In order to use this class it has to be subclassed and the method _maximize must be implemented.
- Parameters:
configspace (ConfigurationSpace) –
acquisition_function (AbstractAcquisitionFunction) –
challengers (int, defaults to 5000) – Number of configurations to sample from the configuration space to get the acquisition function value for, thus challenging the current incumbent and becoming a candidate for the next function evaluation.

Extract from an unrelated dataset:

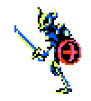 This creation will burst from the shardes of stained glass windows and attack with its swords. It's a minor enemy in the chapel level of Chronicles, where it will also throw shards directly at Simon, and as fairly simple peon enemies in the Villa of Castlevania 64.

seed (int, defaults to 0) –
- property acquisition_function: AbstractAcquisitionFunction | None¶
The acquisition function used for maximization.
- maximize(previous_configs, n_points=None, random_design=None)[source]¶
Maximize acquisition function using _maximize, implemented by a subclass.
- Parameters:
previous_configs (list[Configuration]) – Previous evaluated configurations.
n_points (int, defaults to None) – Number of points to be sampled. If n_points is not specified, self._challengers is used.
random_design (AbstractRandomDesign, defaults to None) – Part of the returned ChallengerList such that we can interleave random configurations by a scheme defined by the random design. The method random_design.next_iteration() is called at the end of this function.
- Returns:
challengers – An iterable consisting of configurations.
- Return type:
Iterator[Configuration]
- property meta: dict[str, Any]¶
Return the meta-data of the created object.